下面起来一阵窸窸窣窣的议论声,目光朝向远致而去。
邓禧用力拽住他。
“向知府,你需要给一个解释!”
向远致气得直喘气。
“案发时,我人一直在宁波,怎么可能是我杀的!”
他用力将邓禧甩开,直指张知闲。
“她一个锦衣卫的话,你们都信?!不就是因为我前段时间得罪了她,她才找人扮鬼来设计构陷我!”
官场无秘密,二人之前起争执的事儿早就传遍了。
双方向来不对头,立即有人站出来为他说话。
“向知府说的没错,八年前,我和向知府都在知府衙门做事,案发那日他人一直在衙门里办差。这一点,衙门上上下下的人都可以作证!”
不少人出来附和。
“此事,就算闹到陛下那里去也是我们有理!”
张知闲眉尾一挑。
“我有说人是他亲手杀的吗?”
方才振振有词的官员一下被咽住了。
“邓大人应该记得,李纯青是此案的嫌疑人吧?”
“确实。案发时他也住在驿站,但二人素不相识……”邓禧眼神微动,“张大人的意思是凶手是李纯青?”

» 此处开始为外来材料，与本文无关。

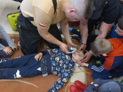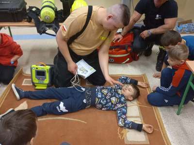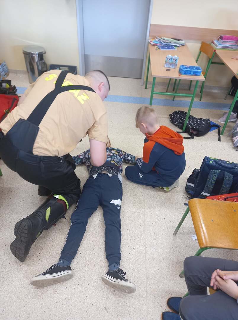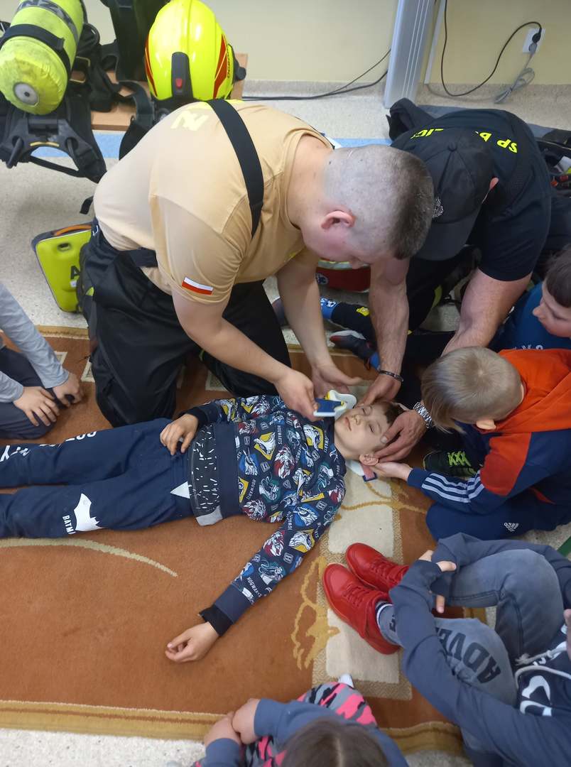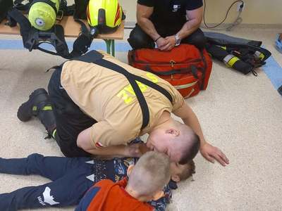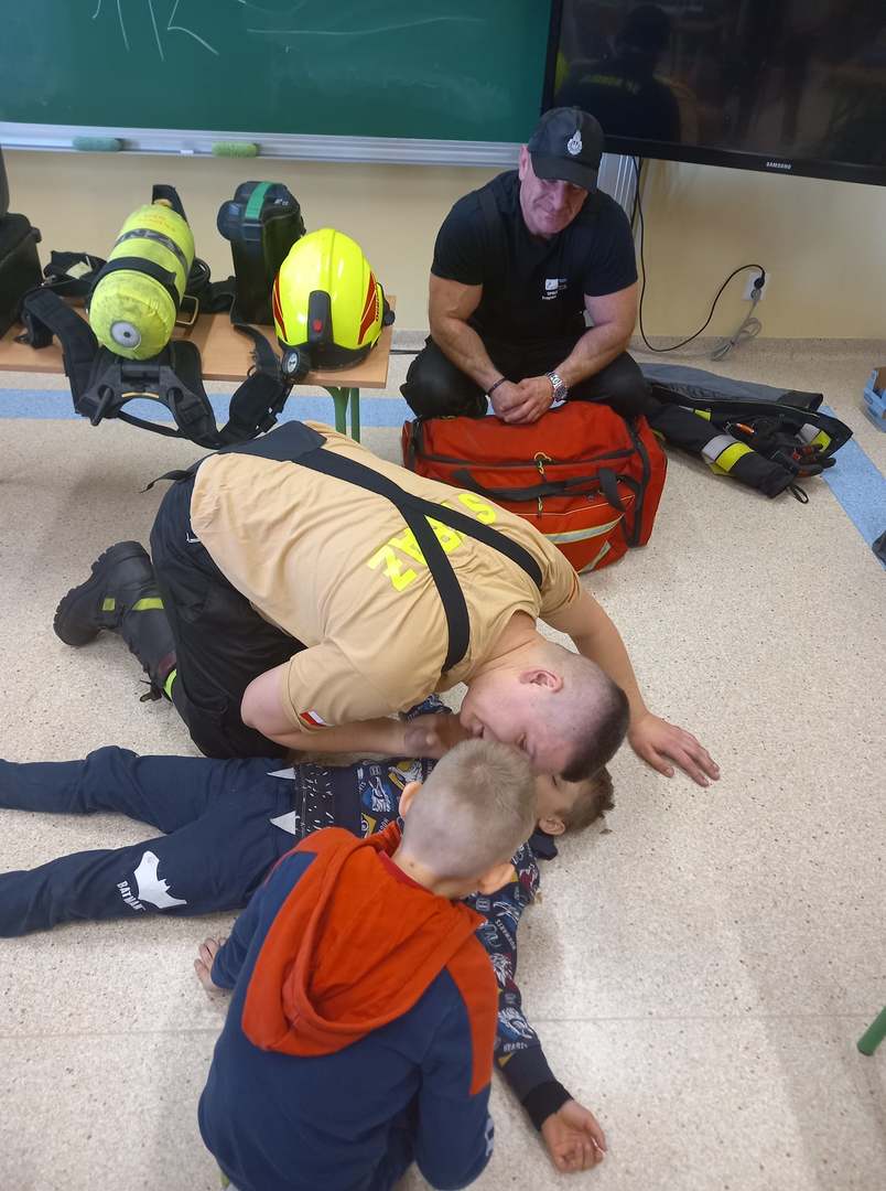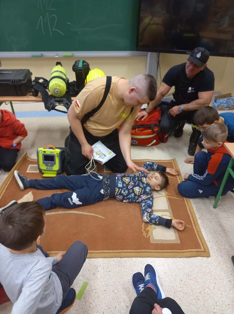 Panowie strażacy zademonstrowali osobisty sprzęt strażaka biorącego udział w akcji ratowniczej. Dzieci dowiedziały się jak można zapobiegać niektórym wypadkom i niebezpiecznym szczególnie dla dzieci sytuacjom. Przedstawiciel straży zapoznał dzieci z najważniejszymi zasadami postępowania na wypadek pożaru. Uczniowie dowiedzieli się, w jakich okolicznościach należy wzywać straż pożarną, utrwaliły numer alarmowy 112. Zafascynowane i zaciekawione dzieci wykazały ogromne zainteresowanie spotkaniem, podczas którego nabyły wiedzę dotyczącą zasad zachowania bezpieczeństwa oraz odpowiedzialnej i pożytecznej pracy strażaka. Takie spotkanie jest świetną okazją do bliższego poznania zawodu strażaka i niebezpieczeństw z nim związanych. Spotkanie przebiegało w miłej i serdecznej atmosferze, za co bardzo dziękujemy.

“锦衣卫的苏千户验过严健的尸体,判定他死于一种蛊毒。而前些日子,灭门案中,李纯青也是利用的蛊将三户人家迷晕后才行的凶。”
邓禧目光游移不定。
“可李纯青和向知府并不熟识。”
向远致一甩袖。
“你还真听进去了!她就是为了构陷我!”
“灭门案的卷宗,邓大人已经看过了吧?”
“前日便看过了。”
“海盗被灭口一案,你可有看法?”
邓禧说道:“牵强。李纯青和杨出海在海盗死前一晚才上的船,若是那时偷下迷药,如何保证海盗在次日凌晨靠岸后服药昏迷呢?”
“不愧是邓大人。”张知闲赞了一句,“有件事,卷宗上并未写上。案发那日,我下船时,船只缆绳忽然断裂。”
邓禧思索片刻摇摇头:“这其中有何玄妙?”
“据我的一位友人说。按照潮汐规律,当日卯时前后,水位最高,按理说,船只应该放松缆绳,但那艘船的缆绳却绷得很紧,所以才导致的缆绳断裂。”
邓禧立即道:“船只不是卯时靠岸,而是在水位很低之时就靠的岸!”
张知闲点点头,站起身,走到向远致面前。
“向知府,若我没记错,当时就是你去信约海盗在卯时见的面吧?你如何解释,明明是约的卯时,他们却提前靠岸?”
向远致直接朝她翻了个白眼。
“这我如何得知?张知闲,你不会是想指认我和李纯青有关系,是我指使他做下的灭门大案吧?”他大笑一声,“我一个知府,好好的去杀自己的故友?去灭门治下的大户做甚?”
现场平起一阵议论声,叽叽喳喳,无不是在指责张知闲。
张知闲眉毛都没动一下,只敲了一下刀鞘。
轻轻一声叩击。
杂声顿收。
她缓缓开口。
“你真的是知府吗?或者说,你真的是向远致吗?”
向远致僵着脸,眯起一只眼,旋即哼笑。
“张大人为了构陷我,已经无所用不及到了这般地步!”
张知闲斜了他一眼,自顾自说道:“严健在离京时曾给你写了一封信,你收到信后,怕他察觉你并非向远致,便先写信将他引到临海县驿站,又指使李纯青杀害了他。而,灭门案嘛……还有一个证人。沈姐。”
沈慕华提着一个身着囚服的人阔步而入。
“此人便是海盗中幸存的一人——徐风,按照你的吩咐,把那东西擦去了一半。”
张知闲上前将囚服扯开。
徐风胸膛露出,上画着一个蛟龙脑袋,原本的蛟龙身体的部分干干净净,也毫无伤口。